Some journalists are saying this decision will have a chilling effect on media outlets everywhere the next time they’re posed with the opportunity to report anything damaging about a public figure. The fact that this jury placed a celebrity’s privacy above the public’s right to know, they say, is going to have serious implications for how the press operates in the U.S.
This is simply not true. This case is extremely specific. Nowhere does the decision say that reporting on the existence of this sex tape is punishable. All the verdict says is that the publication of the video itself is. Gawker could have published the exact same article without the video and almost certainly would not lose a lawsuit.

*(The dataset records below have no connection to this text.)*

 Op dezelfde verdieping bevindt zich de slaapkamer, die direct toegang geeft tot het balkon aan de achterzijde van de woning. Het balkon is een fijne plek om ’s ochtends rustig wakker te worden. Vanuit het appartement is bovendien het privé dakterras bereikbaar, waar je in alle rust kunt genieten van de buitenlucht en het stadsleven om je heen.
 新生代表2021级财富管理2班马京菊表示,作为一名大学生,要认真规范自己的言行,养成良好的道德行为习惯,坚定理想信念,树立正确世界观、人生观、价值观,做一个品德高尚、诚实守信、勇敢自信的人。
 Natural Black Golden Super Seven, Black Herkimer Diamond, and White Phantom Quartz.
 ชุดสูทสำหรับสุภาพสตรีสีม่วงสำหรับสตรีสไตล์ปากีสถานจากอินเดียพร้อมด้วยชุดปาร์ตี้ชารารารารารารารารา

Another argument is that celebrity sex tapes are newsworthy, and the public has a right to see them.
I strongly disagree with this. A public servant’s sexual conduct may very well be up for public scrutiny because those are people paid with public money. But a mere celebrity like Hogan holds no obligations to the public, and therefore his or her privacy should have fair protections. And again, the verdict does not say that Gawker couldn’t have reported on the sex tape’s existence and circumstances. That is not the same thing as publishing the video itself without the subjects’ consent or even knowledge until after the fact.
The truth is, the United States protects speech more aggressively than any other country in the world. Take a look at how other nations deal with defamation, for example, and you’ll see that America is in no hurry to restrict the press. Quite the opposite. So this very specific decision saying that Gawker had no right to publish a sex tape of Hulk Hogan that he didn’t even know was being recorded will have absolutely no broader implications for free speech and press.

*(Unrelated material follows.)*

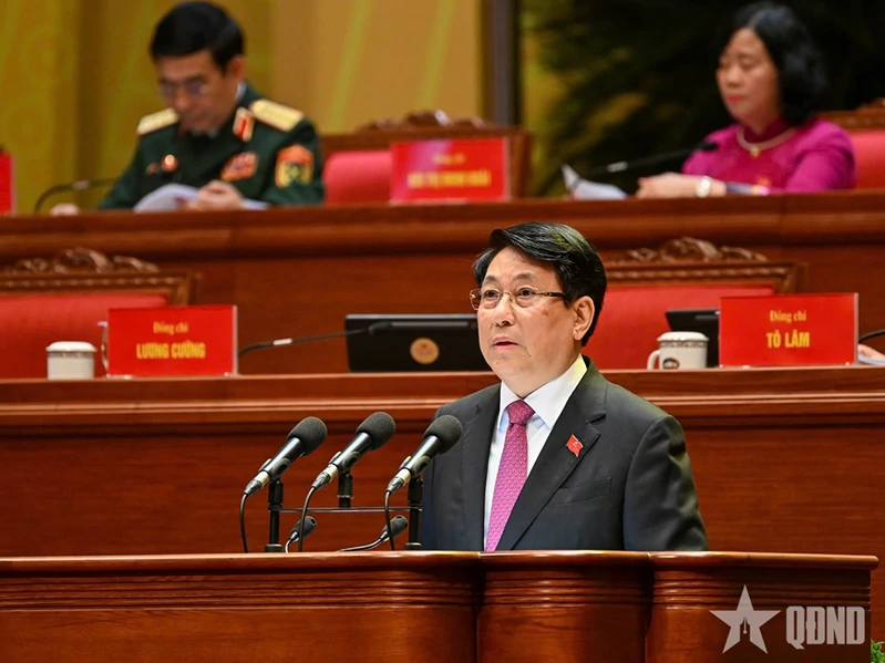 Chủ tịch nước Lương Cường trình bày Diễn văn khai mạc Đại hội XIV của Đảng.
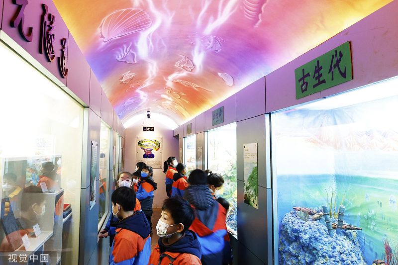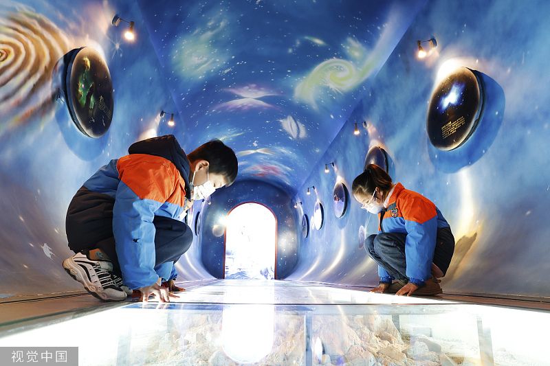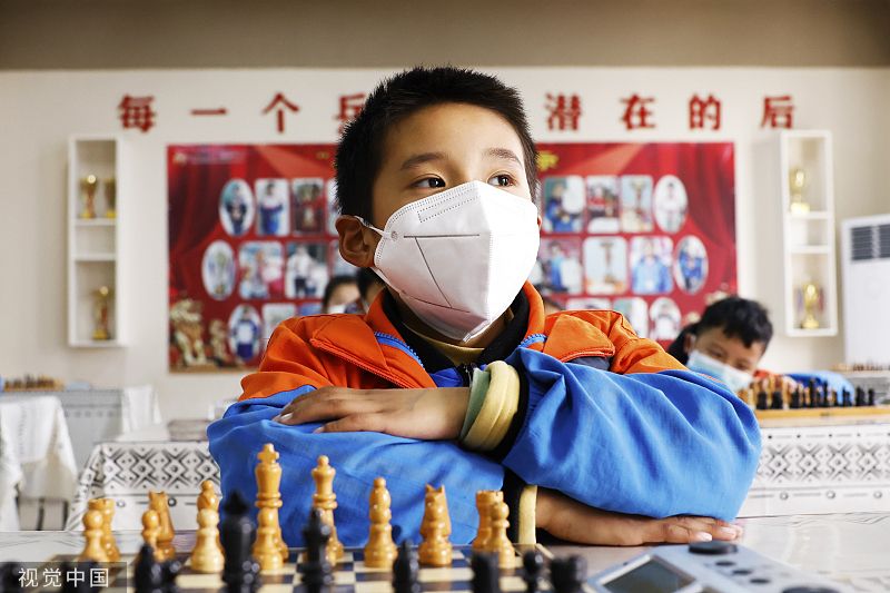 2023年1月12日,江苏宿迁,在泗洪县第一实验学校,托管儿童进行学习、游戏等活动。

No, the only “journalists” who will be affected by this decision are the tabloid scum who think it’s acceptable to post sex tapes without the subjects’ consent. And those journalists are of an entirely different breed from me and mine.
I studied ethics extensively in college and continued to practice ethical journalism in my career. I don’t subscribe to the “I can, so I will” philosophy of Gawker’s staff.
In order to get an idea of what kind of person we’re talking about, here is an excerpt from a videotaped deposition by Daulerio from last year in advance of the trial, which was shown in court on March 9.
“Can you imagine a situation where a celebrity sex tape would not be newsworthy?” asked Hogan’s lawyer, Douglas E. Mirell.
“If they were a child,” Daulerio replied.
“Under what age?” the lawyer pressed.
Gawker said Daulerio was being “flippant,” but what kind of a man is flippant about publishing videos of 5-year-olds in sex tapes during a deposition? Not the kind of journalist I want to be associated with, that’s for sure.
I think it’s good that decisions like this are scrutinized by members of the press. We must stay vigilant. I admit America does not have a perfect history of protected speech and press, and who is going to stand up for journalists if not themselves?
But someone who defends his publishing a sex tape on the Internet does not need anyone standing up for him. He needs to learn a lesson, and so do others like him. Hopefully this case managed to teach him one.
Jessica Cabe is a former Post Independent arts and entertainment editor and contributing columnist.